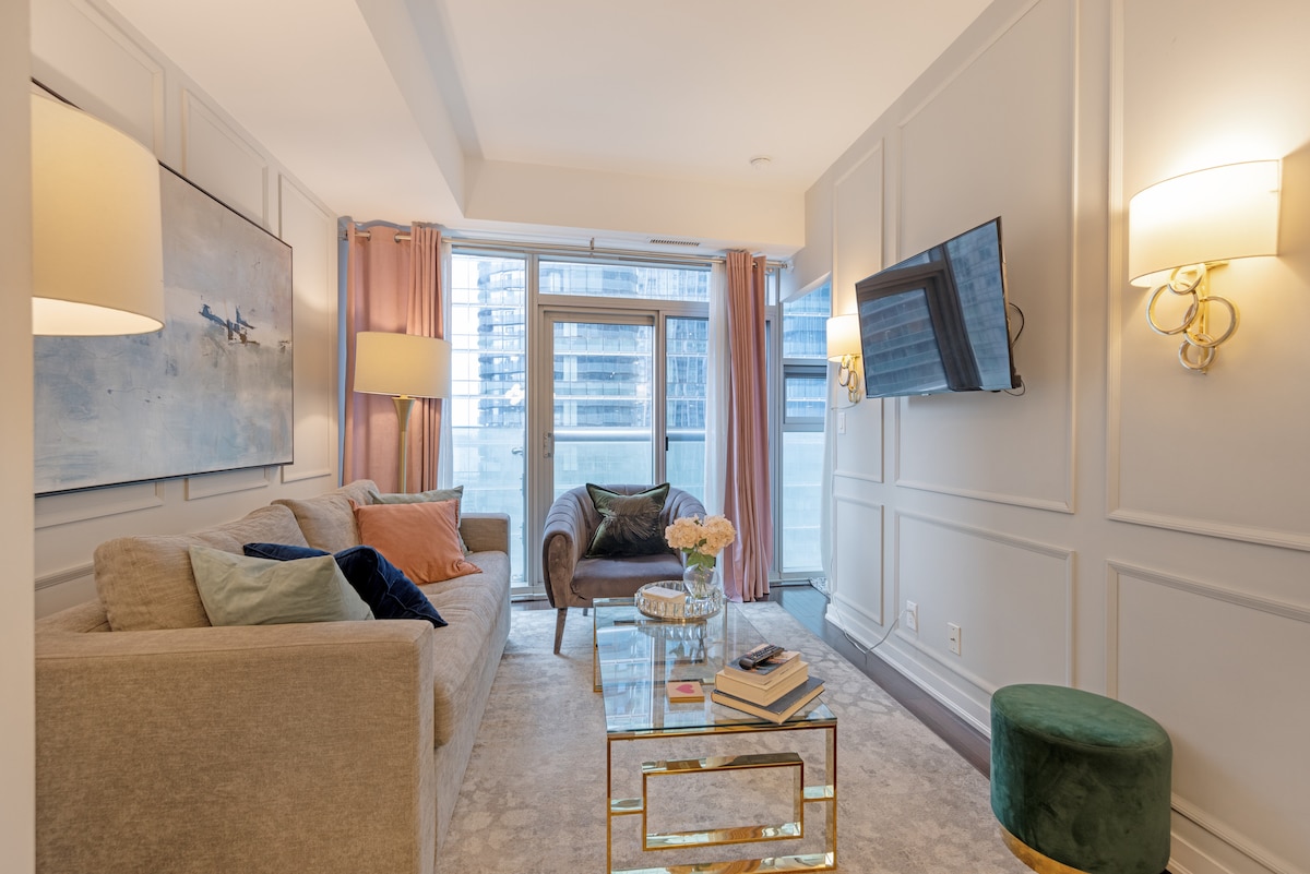 A newly-furnished condo located at the heart of Downtown Toronto guaranteed to maximize your stay with everything at close proximity. This condo has 10 ft ceilings and over 700 sq ft We provide High-speed WiFi, Cable TV, washing machine/dryer, and basic amenities. Explore Toronto right at your doorstep: - Metro Toronto Convention Centre 30m - CN tower/Rogers Centre 210m - Union Station 500m - Harbourfront Centre 700m - Air Canada Centre 900m - TIFF Bell Lightbox
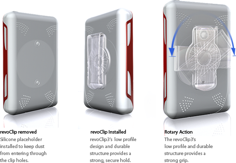 The evo4 comes with a fully removable rotary belt clip system (revoClip3) that integrates seamlessly to keep you and your iPod connected. Its low profile design isnt bulky and its durable polycarbonate structure provides a strong hold. The revoClip3 can easily be removed for an even leaner look and includes a soft silicone placeholder to block the evo4 Duo's rear clip holes and prevent dirt from entering.
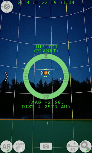 Extremely easy! Just launch the application to obtain an instant overview of the planets surrounding you. You're in the middle of the screen, on Earth, and the planets are being displayed around you. If a planet is above the Compass Ring and is highlighted, it's visible. If the planet is below the Compass Ring, towards the center of the Earth, it is shadowed and below your horizon. The same applies to all the other celestial types. Activate your starcraft engines and quickly travel around in the universe.
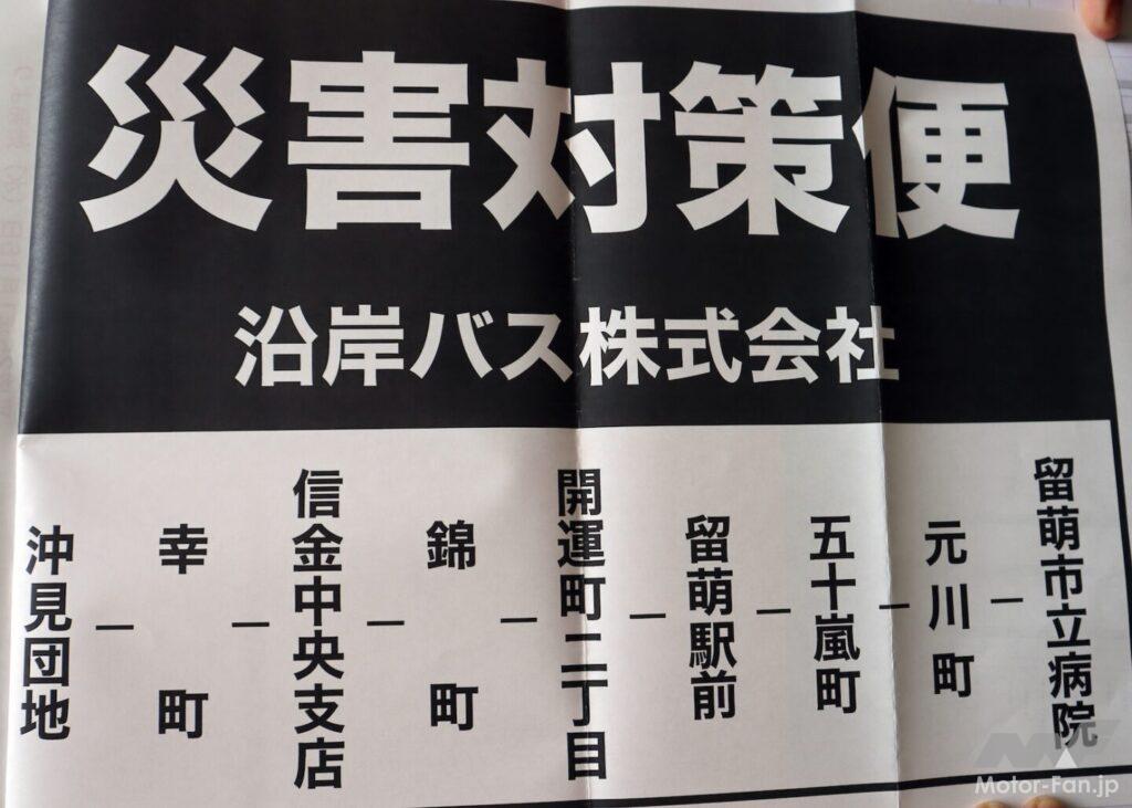 「沿岸バスは、道路運送法17条に基づく緊急措置として9日午後、沖見団地停留所(沖見町5丁目)~留萌市立病院間で災害対策便の運行を開始した。災害対策便は、沖見市立病院線復路(留萌市立病院-留萌駅前-留萌十字街-沖見町3丁目-沖見団地停留所)が9日午後2時56分から、同往路(沖見団地停留所-港南中学校前-留萌十字街-留萌駅前-留萌市立病院)が同3時8分からそれぞれ運行を開始。留萌市立病院行きの往路は7便、沖見団地停留所行きの復路は6便が運行している」。
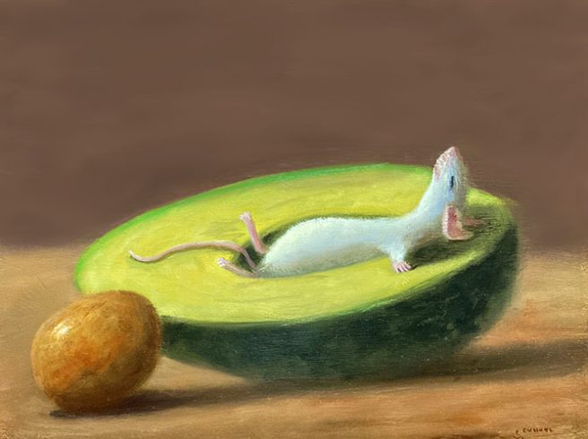 Stuart’s work is collected by enthusiasts across the country. He calls his mice paintings “a magnificent obsession.” Just one mouse with one object, but a lot of story to tell. What else does he like to paint besides mice? Giant fruit tarts. My kind of artist. 🙂
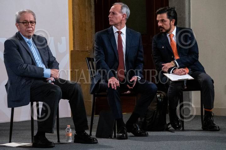CIUDAD DE MÉXICO, 01AGOSTO2023.- Andrés Manuel López Obrador, presidente de México, encabezó la conferencia de prensa matutina desde Palacio Nacional en compañía del gabinete de salud: Jorge Alcocer, secretario de Salud; Zoé Robledo, director general del Instituto Mexicano del Seguro Social (IMSS), y Hugo López-Gatell, subsecretario de Prevención y Promoción a la Salud. FOTO: GALO CAÑAS/CUARTOSCURO.COM
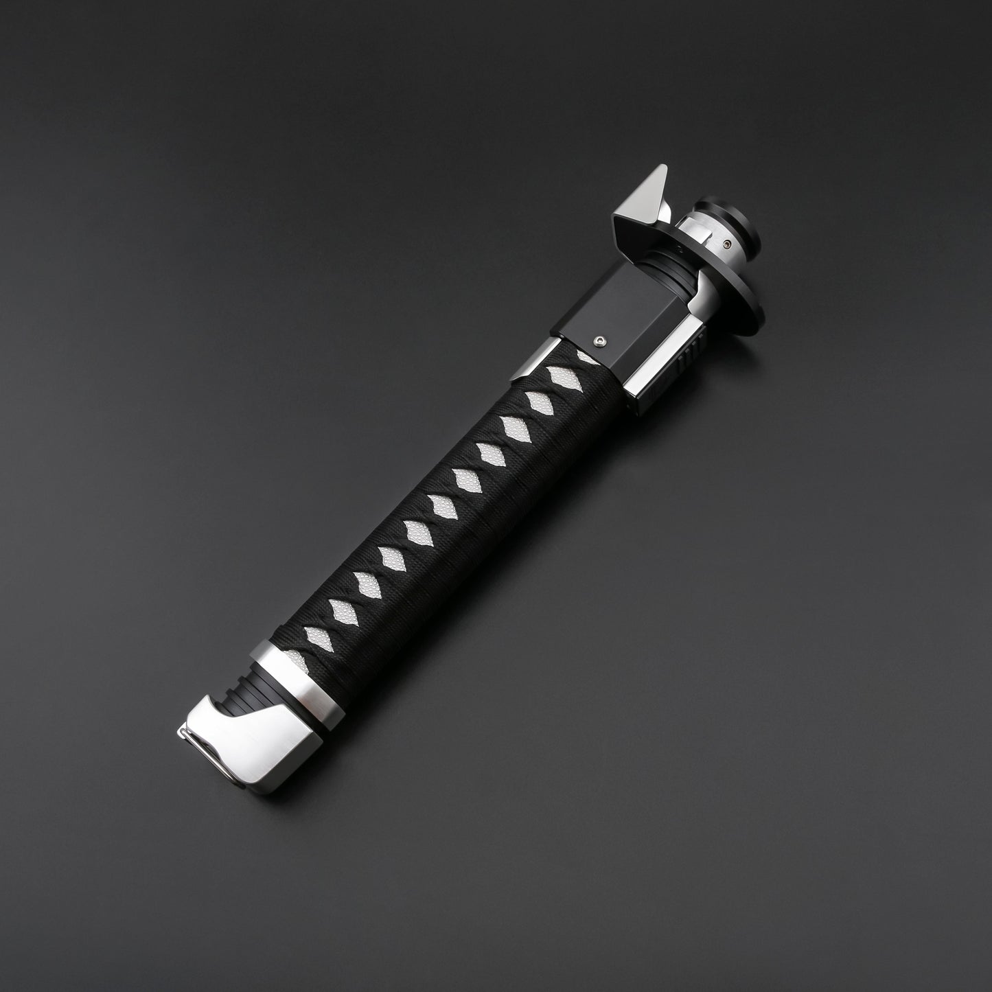 The SV-Ronin RGB/Neopixel Lightsaber is a katana-style weapon from the Visions, featuring an aggressive shroud, and a black-cloth-wrapped grip for increased control. It is equipped with Neopixel technology, making it a perfect choice for dueling and cosplay.
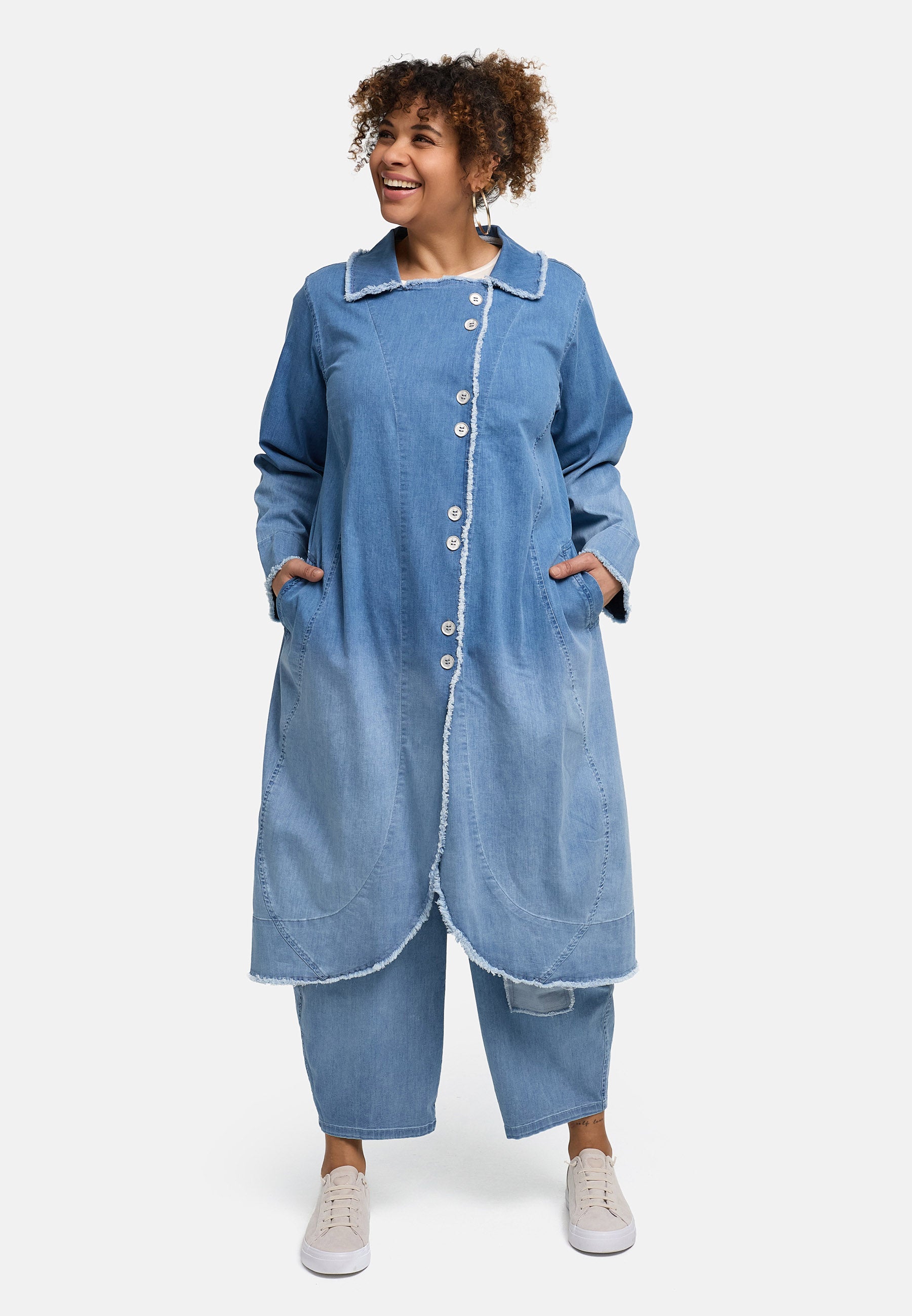 Lässig, elegant und ultrabequem: Der Sky Mantel kombiniert soften Stretch-Denim mit geschwungenen Raw-Edge-Kanten und Ombre-Optik – der perfekte Layer für Übergangstage.

........

[Instructions to follow]: Starting at the line that contains "The SV-Ronin RGB/Neopixel", please write out every line to the end of the entries, inclusive, copied exactly and with pictures omitted.

[Task result]:
 The SV-Ronin RGB/Neopixel Lightsaber is a katana-style weapon from the Visions, featuring an aggressive shroud, and a black-cloth-wrapped grip for increased control. It is equipped with Neopixel technology, making it a perfect choice for dueling and cosplay.
 Lässig, elegant und ultrabequem: Der Sky Mantel kombiniert soften Stretch-Denim mit geschwungenen Raw-Edge-Kanten und Ombre-Optik – der perfekte Layer für Übergangstage.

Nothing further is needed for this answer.